Et c'est pourquoi, maintenant, un professeur à tout faire, Allemand, petit, velu et laid,—«pas dangereux par conséquent,» songe naïvement M. Mitry,—donne à Mlle Nora des leçons de toutes sortes. Il est musicien comme personne, philologue et historien, mathématicien et poète. C'est une encyclopédie allemande. Il parle, à tout propos, de Schopenhauer et de Gœthe. Il tire l'épée et joue du sabre comme un étudiant. Il monte à cheval comme un uhlan. Il est grossier comme un pain d'orge et hypocrite comme un chat. Il embrasse sa petite élève, pour la récompenser, dit-il, quand elle a été bien sage. Il lui raconte des histoires de jeunesse avec des réticences plus laides que des mots déshonnêtes. Il lâche pourtant çà et là une expression d'argot en français, car Gottfried n'ignore pas qu'on fait à l'esprit germanique le reproche d'être lourd. Or, la légèreté française est représentée pour lui par la langue verte... «Tu me la coupes» et «tu t'en ferais mourir» lui paraissent des choses fines comme des ailes de papillon, en sorte qu'il introduit brusquement, dans son pâteux langage de savant, de ces mots-là, qui font, sur ses lèvres tudesques, le plus baroque effet.

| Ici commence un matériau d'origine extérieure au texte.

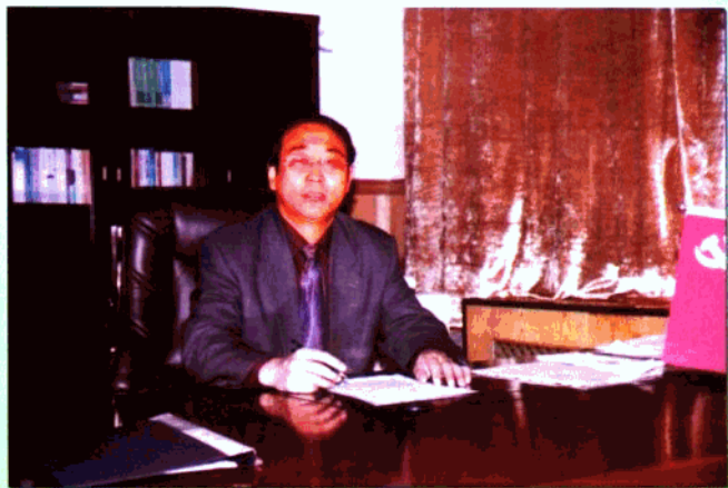
中共卓资县委书记 吴永锋
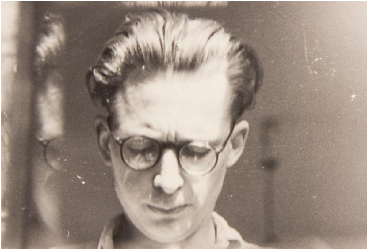
Slika 1: Andrzej Wróblewski

Velika inspiracija u stvaranju Kolona... opet bio nam je Andrzej Wróblewski, poljski slikar rođen 1927. godine u Poljskoj. Jedan od najpoznatijih umjetnika poslijeratnog razdoblja u Poljskoj, koji je bio istaknut i prepoznatljiv po svojemu jedinstvenom stilu i izrazitoj umjetničkoj viziji. Njegova su djela često bila introspektivna i intimna prikazujući ljudsku figuru i psihološke elemente. Wróblewski je stvorio niz slika koje su se bavile poslijeratnim traumama i iskustvima, te je njegova umjetnost često bila produktom istraživanja posljedica rata na društvo i ljudsku psihu.
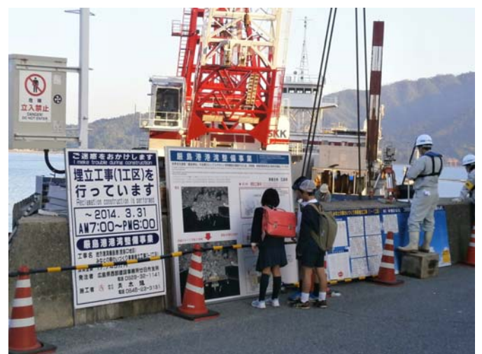
工事説明看板の説明を読む小学生
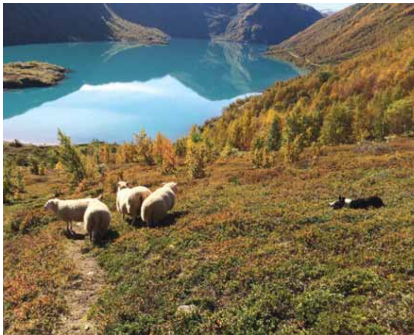
En veldressert gjeterhund gjør jobb for 10 personer.

som er på klasse 1-nivå selges i dag for mellom 18-25.000 kroner. Prisen på en hund som tilsvarer klasse 3 ligger på 35.000 kroner og oppover. De beste hundene i utlandet selges ofte på auksjon for 60-120.000 kroner. Disse er ofte godt voksne hunder, der en kan
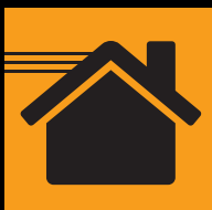
Avec alimentation aérienne
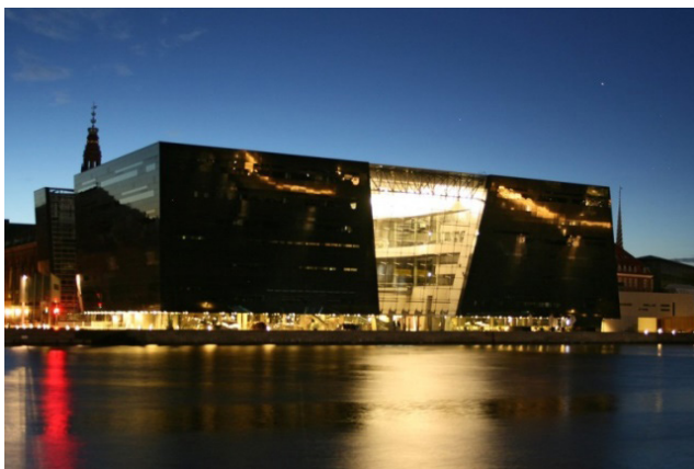
Fot. 7. Biblioteka Królewska w Kopenhadze.

W XXI w. nowo wybudowane budynki biblioteczne stały się przykładami nowoczesności, łącząc tradycyjne funkcje z innowacyjnymi rozwiązaniami technologicznymi i architektonicznymi. Jedną z najnowocześniejszych bibliotek w Europie jest Biblioteka Królewska w Kopenhadze powszechnie nazywana „Czarny Diament” ze względu na charakterystyczną elewację z czarnego granitu. Budynek znajduje się
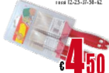
KIT 5 PENNELLI rossi 12-25-37-50-62
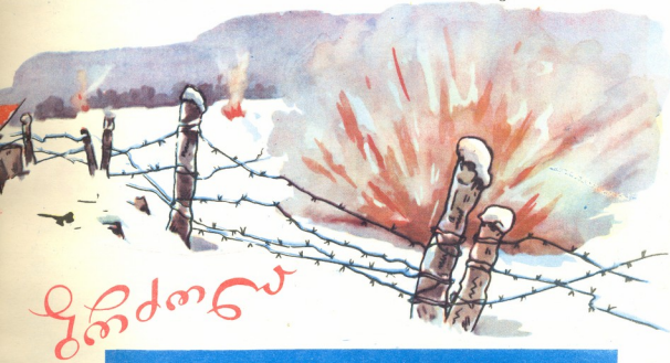
ნახატი მ. ახობაძისა

ახლა კი მინდა გვიამბოთ იმ გმირებზე, რომლებიც საქართველოს პიონერთა ორგანიზაციაში აღიზარდნენ.

Il dit par exemple, d'un air doctoral, au cours de sa leçon d'histoire: «Napoléon Ier désirait un héritier. Son divorce avec Joséphine n'eut pas d'autre cause. Enfin en 1811, Marie-Louise «décrocha un gosse!» Et Nora s'amuse énormément. Elle se moque de Gottfried, et le subit quand elle y trouve intérêt.
Gottfried veut suivre Nora dans ses promenades. Il devient «encombrant» et, pour se débarrasser de lui, elle le trompe de mille façons. Ainsi il achève de gâter l'enfant trop libre, trop rusée, trop impérieuse... qu'il compte bien épouser un jour, quand Mlle Marthe, sa chère sœur, épousera le père. C'est chose convenue entre sa sœur et lui. M. Gottfried peut attendre. Il n'a que vingt-huit ans.
M. Gottfried forme sa future.
Pour commencer, il la réconcilie avec le piano, tout en lui racontant les amours de Chopin et les égoïsmes de Gœthe. Et si, plus tard, il arrive à compromettre sa petite élève, il réparera volontiers.
Gottfried, c'est Atta-Troll, mais c'est surtout Caliban. Ses ridicules sont tudesques, mais ses vices n'ont point de patrie. C'est la brute humaine, armée de raisonnements et masquée de science. Elle ne déshonore que l'humanité.